Work required: In the data below, repeat the line containing "В Киеве на Московском" and every following line exactly, up to and including the last line. Exclude pictures.

Source material:

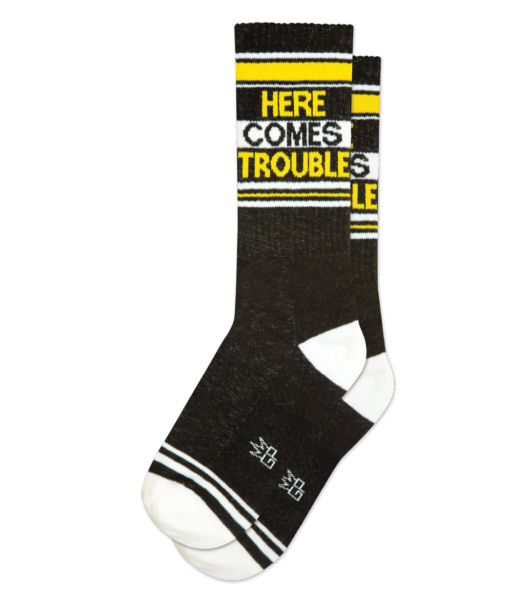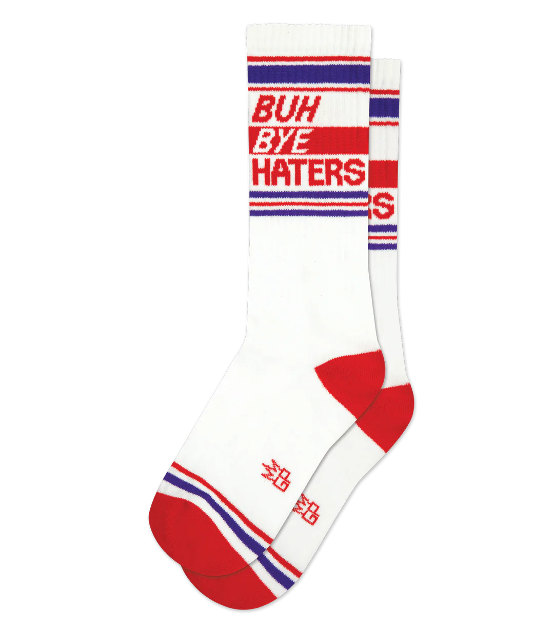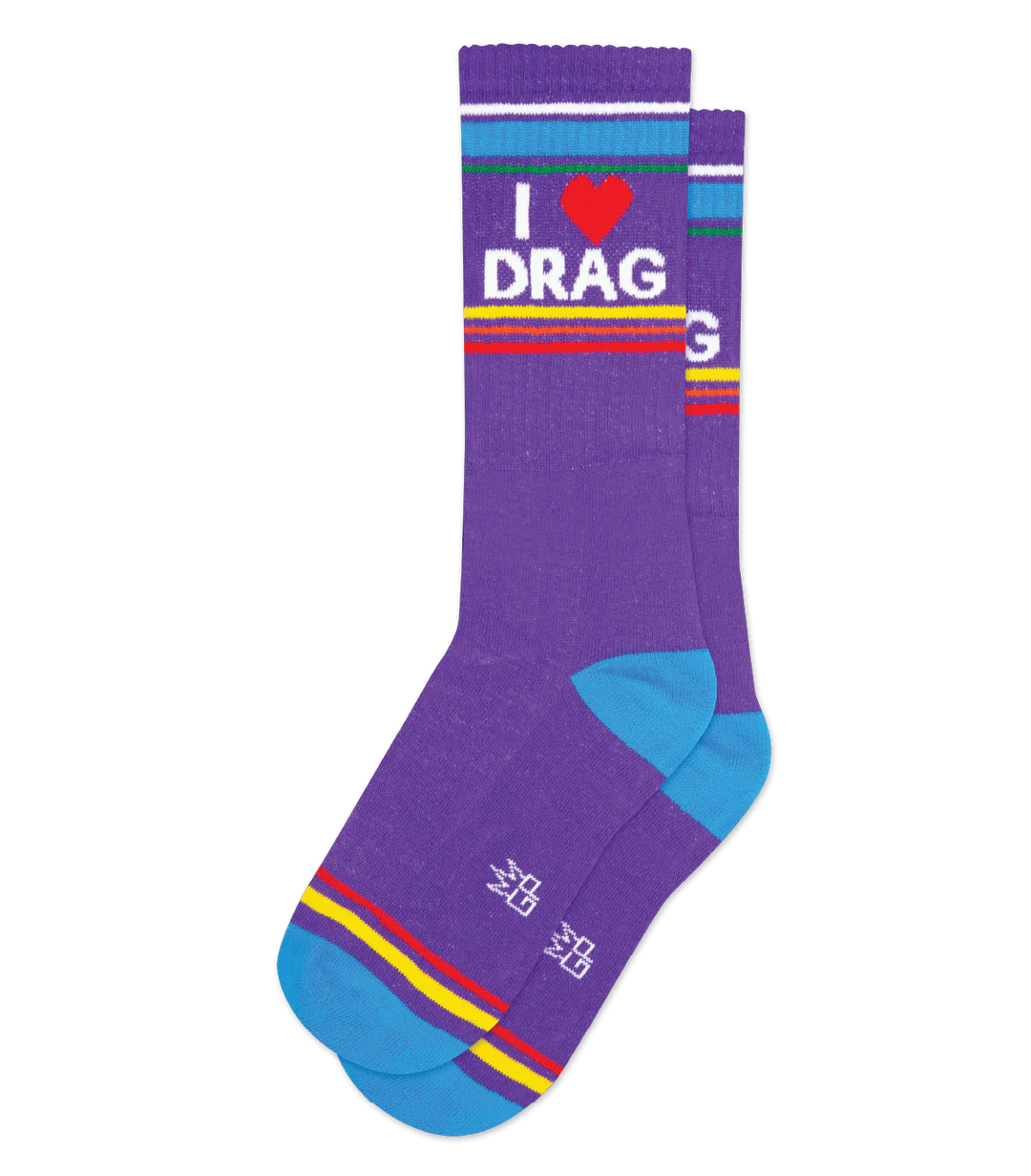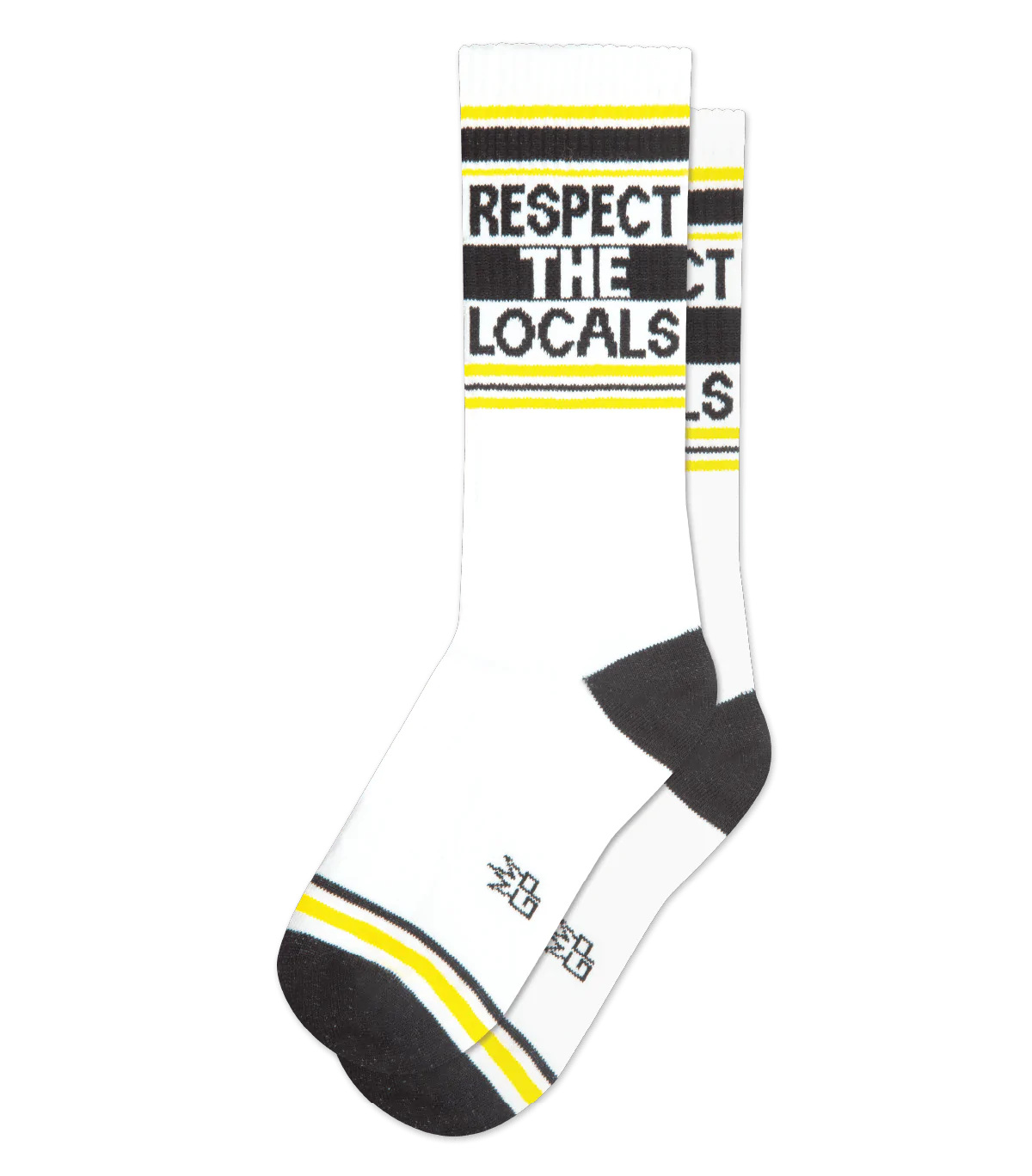These wide ribbed socks reach to mid-calf on most folks and fit a women’s size 6 US to men’s size 15. As a thicker weave, these socks are optimally worn with sneakers and other roomy shoe styles. Machine wash cold, line dry.
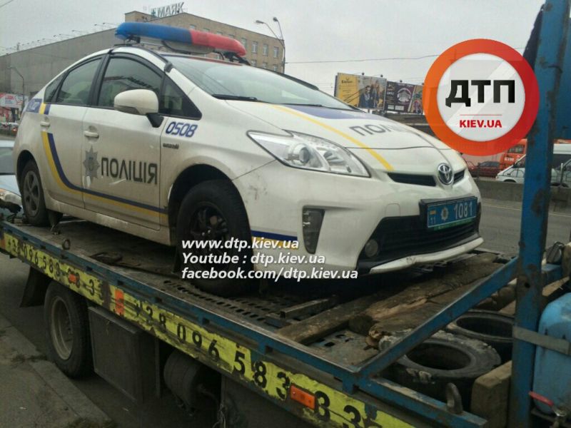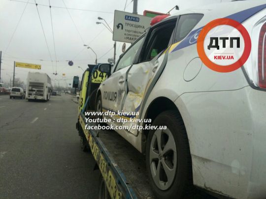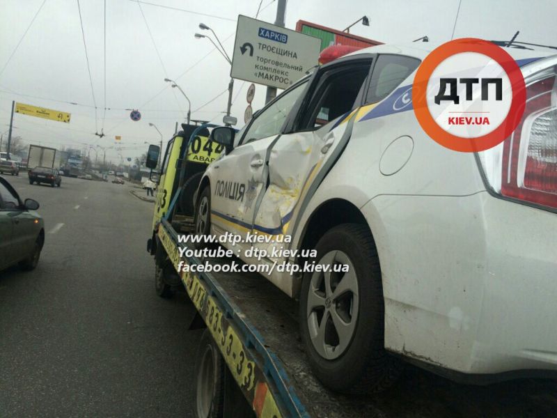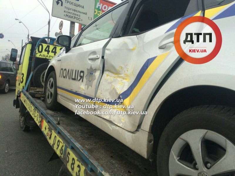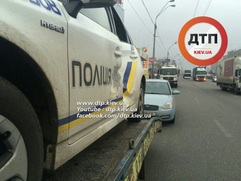В Киеве на Московском проспекте на Петровке произошла авария с участием маршрутки и автомобиля патрульной полиции Toyota Prius. Соответствующее видео было опубликовано на канале videoprobki в Youtube.
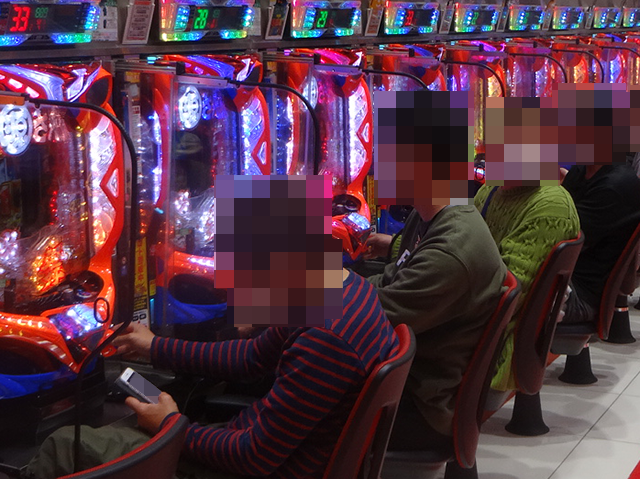 15時を過ぎた頃は26台中18台が稼働しており、なかには大当り回数が100回を上回る台もあった。

Response below:
В Киеве на Московском проспекте на Петровке произошла авария с участием маршрутки и автомобиля патрульной полиции Toyota Prius. Соответствующее видео было опубликовано на канале videoprobki в Youtube.
 15時を過ぎた頃は26台中18台が稼働しており、なかには大当り回数が100回を上回る台もあった。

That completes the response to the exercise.